Gracias a este procedimiento determinaron que la hembra ya había alcanzado la madurez sexual y contenía 13 huevos grandes en desarrollo, algunos de hasta 11 milímetros de longitud. Sin embargo, no presentaba señales evidentes de envejecimiento o deterioro físico. Asimismo, los especialistas detectaron que el animal poseía pocas laminillas branquiales y una rádula inusual, equipada con un gran diente central de base ancha.

“Lo que más me sorprendió fue que la tomografía del pequeño pulpo reveló muchísima información sobre sus sistemas de órganos internos. Normalmente, la obtención de imágenes de partes blandas mediante micro-TC requiere agentes de contraste a base de metales pesados, cuyo uso no sería deseable en un ejemplar tan raro. Esto hizo que el modelado 3D de los órganos relevantes fuera una tarea realmente sencilla”, explicó Alexander Ziegler, investigador de la Universidad de Bonn en Alemania y coautor del estudio.

Los autores concluyen que este descubrimiento demuestra que la familia Megaleledonidae, asociada tradicionalmente con especies grandes de las frías aguas antárticas, también incluye organismos pequeños adaptados a ambientes tropicales profundos.

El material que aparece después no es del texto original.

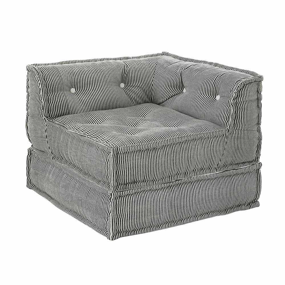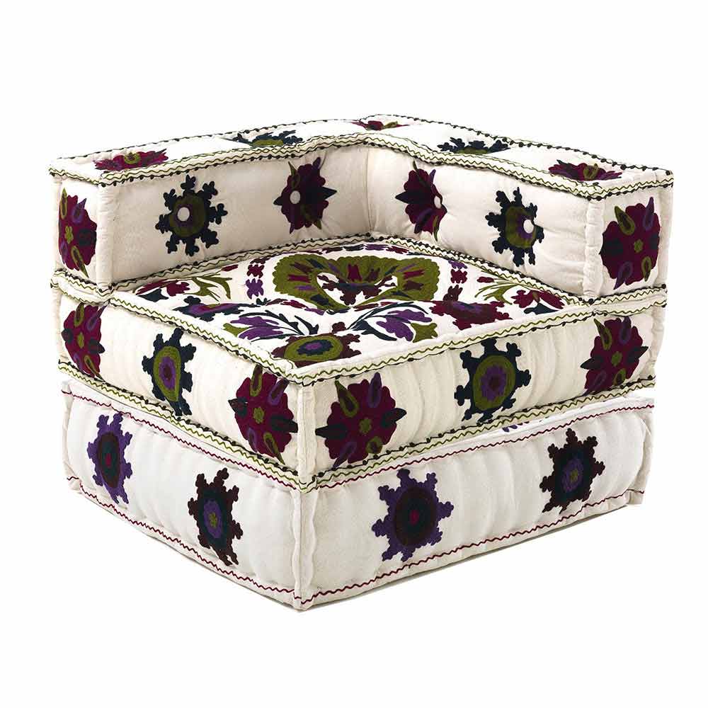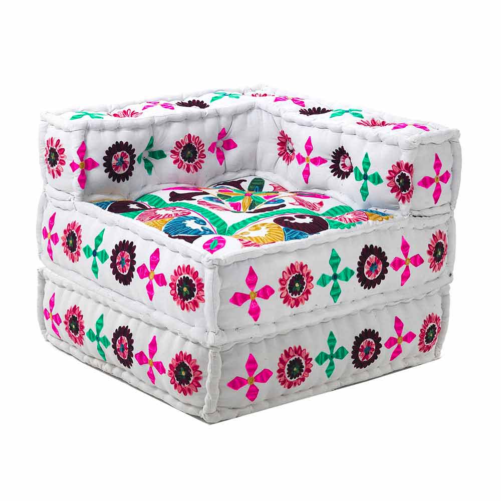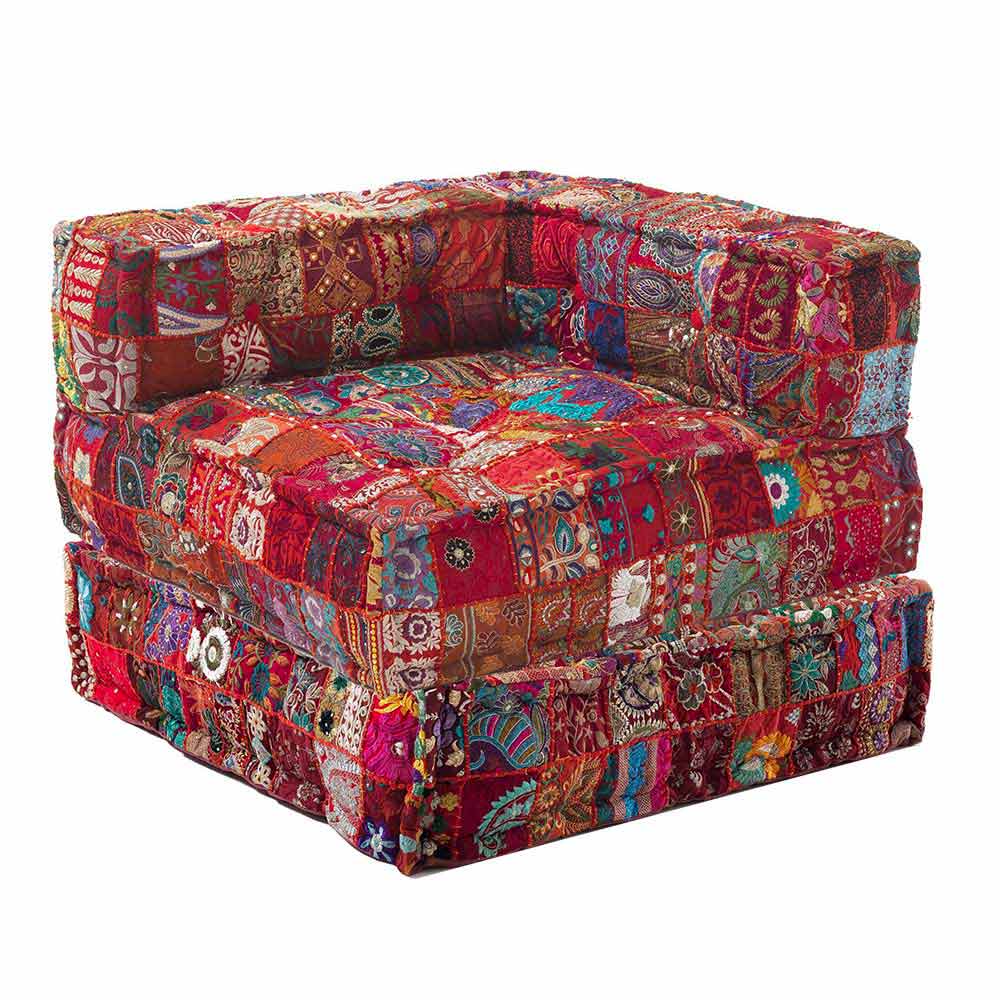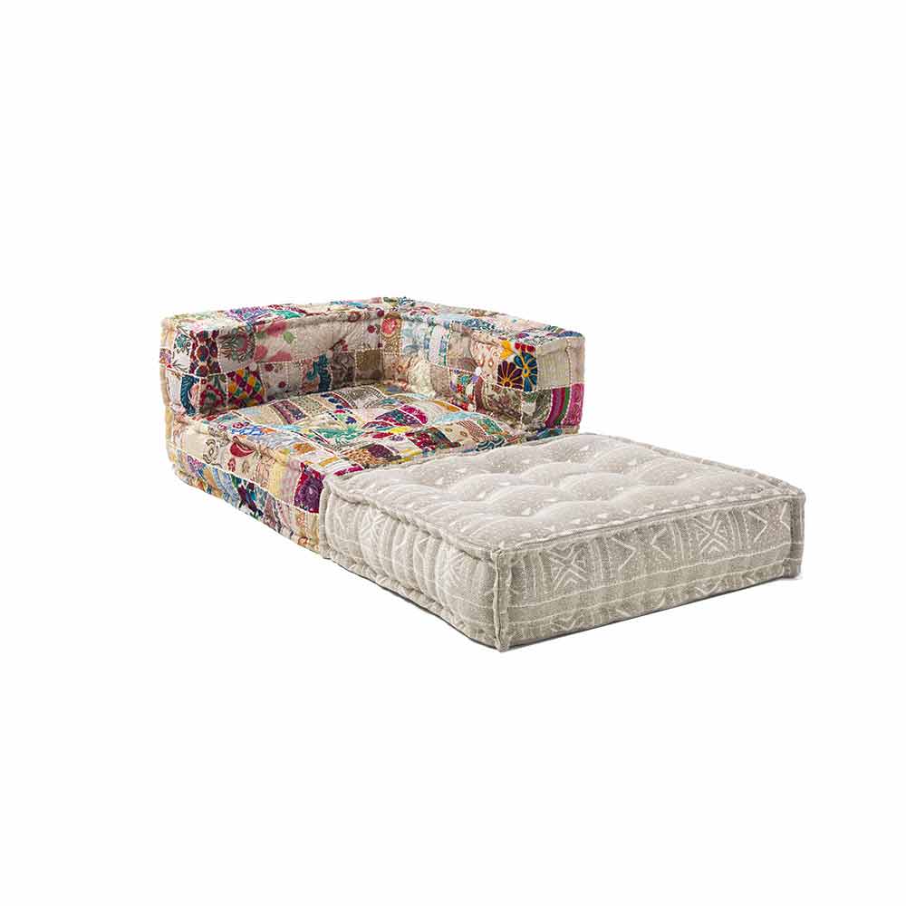 Poltrona de chaise longue de design étnico em algodão colorido de retalhos.

Por ello, proponen modificar la definición científica de toda la familia para enfocarla más en características anatómicas que en criterios geográficos.

Además, sostienen que la diversidad de pulpos de aguas profundas probablemente está muy subestimada. Voight señaló que “estos son pequeños pulpos que viven en las profundidades marinas y casi nadie en la Tierra ha tenido la oportunidad de verlos. Si juntaras toda la superficie terrestre, no cubrirías el océano Pacífico. Los océanos son inmensos y aún queda muchísimo por explorar”.